简体   繁体   English

将Big Query Table下载为JSON

[英]Download Big Query Table as JSON

I would like to download an existing Big Query table as JSON for manipulating the one of column which has long string. 我想将现有的Big Query表下载为JSON,以处理具有长字符串的列之一。

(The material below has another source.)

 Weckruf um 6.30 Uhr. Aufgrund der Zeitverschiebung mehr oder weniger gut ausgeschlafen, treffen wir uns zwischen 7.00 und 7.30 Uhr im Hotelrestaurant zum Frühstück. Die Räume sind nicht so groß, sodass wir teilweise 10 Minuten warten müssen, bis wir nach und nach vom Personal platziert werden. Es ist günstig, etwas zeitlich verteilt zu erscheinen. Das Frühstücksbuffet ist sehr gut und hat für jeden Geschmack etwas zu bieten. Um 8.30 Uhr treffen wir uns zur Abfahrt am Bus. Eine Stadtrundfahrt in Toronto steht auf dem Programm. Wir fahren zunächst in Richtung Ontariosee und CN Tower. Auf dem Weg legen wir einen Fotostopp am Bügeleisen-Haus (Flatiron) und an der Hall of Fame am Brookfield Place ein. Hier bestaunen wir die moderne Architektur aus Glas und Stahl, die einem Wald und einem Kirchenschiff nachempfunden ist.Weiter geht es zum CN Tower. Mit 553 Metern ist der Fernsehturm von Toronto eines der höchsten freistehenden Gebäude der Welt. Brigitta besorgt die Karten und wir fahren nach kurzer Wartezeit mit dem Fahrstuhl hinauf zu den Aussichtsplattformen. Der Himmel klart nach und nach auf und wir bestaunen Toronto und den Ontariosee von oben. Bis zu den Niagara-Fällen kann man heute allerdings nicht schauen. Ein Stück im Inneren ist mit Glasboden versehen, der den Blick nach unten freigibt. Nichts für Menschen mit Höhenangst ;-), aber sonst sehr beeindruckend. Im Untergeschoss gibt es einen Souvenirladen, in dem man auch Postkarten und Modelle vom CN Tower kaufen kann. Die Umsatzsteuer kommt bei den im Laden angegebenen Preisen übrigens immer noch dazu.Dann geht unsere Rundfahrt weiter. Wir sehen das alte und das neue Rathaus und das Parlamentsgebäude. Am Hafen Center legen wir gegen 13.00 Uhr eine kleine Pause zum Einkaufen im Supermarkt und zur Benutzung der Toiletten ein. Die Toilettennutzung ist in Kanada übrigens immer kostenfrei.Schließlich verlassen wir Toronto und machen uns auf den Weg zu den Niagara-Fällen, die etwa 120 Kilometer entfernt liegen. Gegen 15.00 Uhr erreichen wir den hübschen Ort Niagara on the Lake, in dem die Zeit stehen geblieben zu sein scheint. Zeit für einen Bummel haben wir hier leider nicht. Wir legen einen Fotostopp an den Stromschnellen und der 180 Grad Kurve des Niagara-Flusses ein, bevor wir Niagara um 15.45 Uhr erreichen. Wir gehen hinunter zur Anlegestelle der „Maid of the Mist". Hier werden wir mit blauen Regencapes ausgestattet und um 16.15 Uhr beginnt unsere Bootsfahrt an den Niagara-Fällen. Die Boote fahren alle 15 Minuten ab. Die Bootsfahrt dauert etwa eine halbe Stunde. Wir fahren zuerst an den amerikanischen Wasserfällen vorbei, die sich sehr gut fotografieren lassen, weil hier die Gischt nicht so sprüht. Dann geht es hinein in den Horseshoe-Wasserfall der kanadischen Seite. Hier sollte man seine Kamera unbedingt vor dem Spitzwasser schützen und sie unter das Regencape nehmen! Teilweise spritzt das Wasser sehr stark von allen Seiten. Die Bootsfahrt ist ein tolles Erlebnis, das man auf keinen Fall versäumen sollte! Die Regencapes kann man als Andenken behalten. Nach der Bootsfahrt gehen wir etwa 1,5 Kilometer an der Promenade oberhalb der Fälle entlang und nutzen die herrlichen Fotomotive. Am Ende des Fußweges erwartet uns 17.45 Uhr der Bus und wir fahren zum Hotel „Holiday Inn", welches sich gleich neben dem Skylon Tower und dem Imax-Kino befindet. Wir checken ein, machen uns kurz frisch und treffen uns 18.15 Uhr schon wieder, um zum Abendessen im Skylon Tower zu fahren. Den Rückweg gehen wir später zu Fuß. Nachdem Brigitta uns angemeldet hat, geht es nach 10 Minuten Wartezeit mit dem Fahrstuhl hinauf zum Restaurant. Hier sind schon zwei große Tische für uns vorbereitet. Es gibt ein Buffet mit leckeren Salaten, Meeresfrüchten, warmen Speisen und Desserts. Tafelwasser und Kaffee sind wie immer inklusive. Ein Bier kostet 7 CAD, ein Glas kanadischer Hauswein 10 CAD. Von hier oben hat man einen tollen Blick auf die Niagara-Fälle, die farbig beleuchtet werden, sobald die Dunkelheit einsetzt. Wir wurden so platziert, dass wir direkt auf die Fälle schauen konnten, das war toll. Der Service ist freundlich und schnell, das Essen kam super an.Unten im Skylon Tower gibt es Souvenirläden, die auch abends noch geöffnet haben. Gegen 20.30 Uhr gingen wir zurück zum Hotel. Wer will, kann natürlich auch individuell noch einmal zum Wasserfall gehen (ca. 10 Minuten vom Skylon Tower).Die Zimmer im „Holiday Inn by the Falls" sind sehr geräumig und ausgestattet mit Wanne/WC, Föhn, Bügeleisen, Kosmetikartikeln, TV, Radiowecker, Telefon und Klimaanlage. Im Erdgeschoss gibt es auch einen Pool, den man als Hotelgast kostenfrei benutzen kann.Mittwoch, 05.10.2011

Big Query table has been ingested with Datastore backup file from App Engine to GCS. 已将大查询表与数据存储备份文件一起从App Engine提取到GCS。 I used Big Query to read Datastore backup file from GCS and created a table out of it, which has resulted a repeated string column as very long string. 我使用Big Query从GCS读取了数据存储区备份文件,并从中创建了一个表,这导致重复的字符串列非常长。

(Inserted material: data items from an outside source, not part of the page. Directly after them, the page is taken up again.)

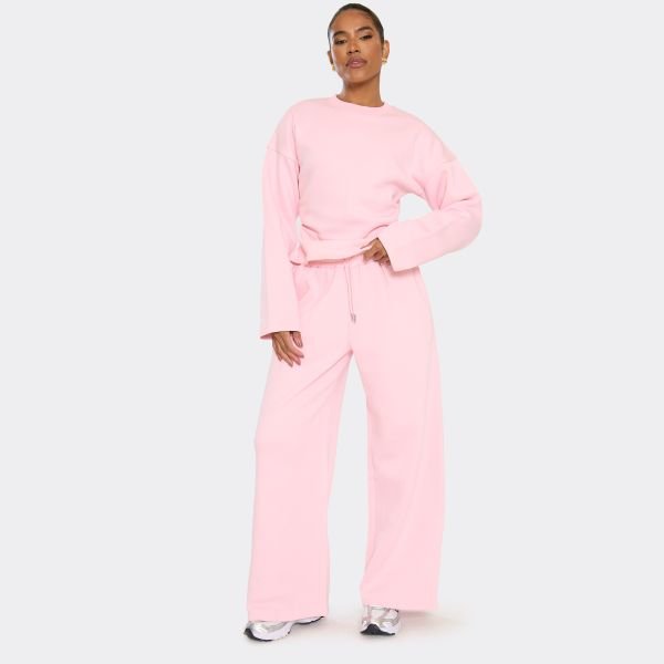 The EGO Pink Drawstring Waist Wide Leg Joggers in Pink is ideal for casual, loungewear.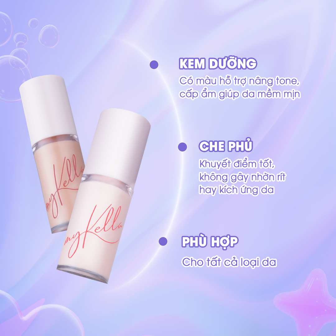 - Bước 3: Để kem thẩm thấu hoàn toàn vào da trước khi tiếp tục các bước trang điểm tiếp theo. Lưu ý: Sử dụng sản phẩm trên nền da sạch để đạt hiệu quả tối ưu. THÔNG TIN THƯƠNG HIỆU myKella là thương hiệu mỹ phẩm chuyên nghiệp được thành lập vào năm 2022, là công ty con của thương hiệu Kella với hơn 20 năm kinh nghiệm trong ngành làm đẹp tại Việt Nam. Với châm ngôn "Thương hiệu mỹ phẩm chuyên nghiệp được may đo cho phụ nữ Việt Nam", myKella chuyên cung cấp các sản phẩm trang điểm và chăm sóc da chất lượng, phù hợp với đặc điểm và nhu cầu của mọi người.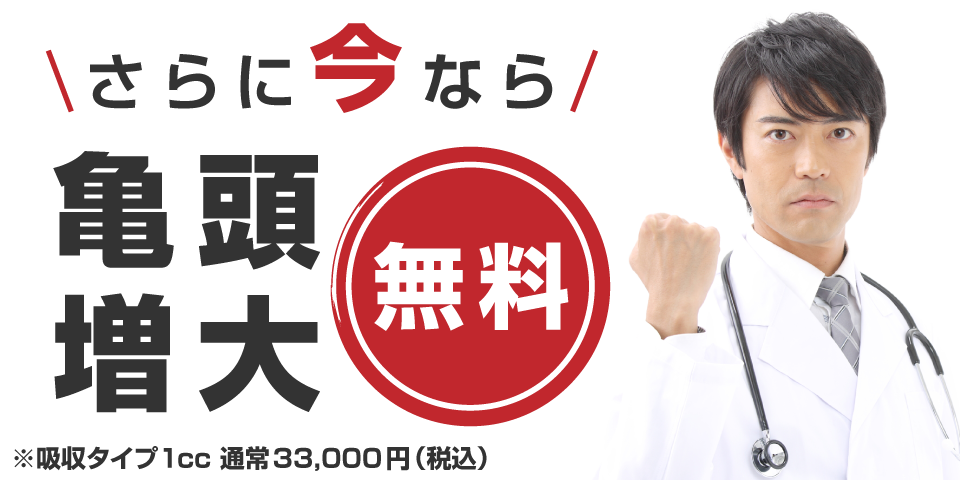 • ・亀頭増大(吸収タイプ)1cc 33,000円(税込)

I couldn't parse the long string, so that I would need to download the table as JSON and re up to Big Query as new table. 我无法解析长字符串,因此我需要将表下载为JSON并重新存储为Big Query作为新表。 I would need an advice for this approach 我需要这种方法的建议

There are 3 ways to export your data: 有3种导出数据的方法:

  1. Single URI (1 file, limit 1GB, most probably you are using this) 单个URI(1个文件,限制为1GB,很可能您正在使用此文件)

['gs://my-bucket/file-name.json'] [ 'GS://my-bucket/file-name.json']

Creates: 创建:

gs://my-bucket/file-name.json GS://my-bucket/file-name.json

  1. Single wildcard URI (multiple files are created each 1GB) 单个通配符URI(每个1GB创建多个文件)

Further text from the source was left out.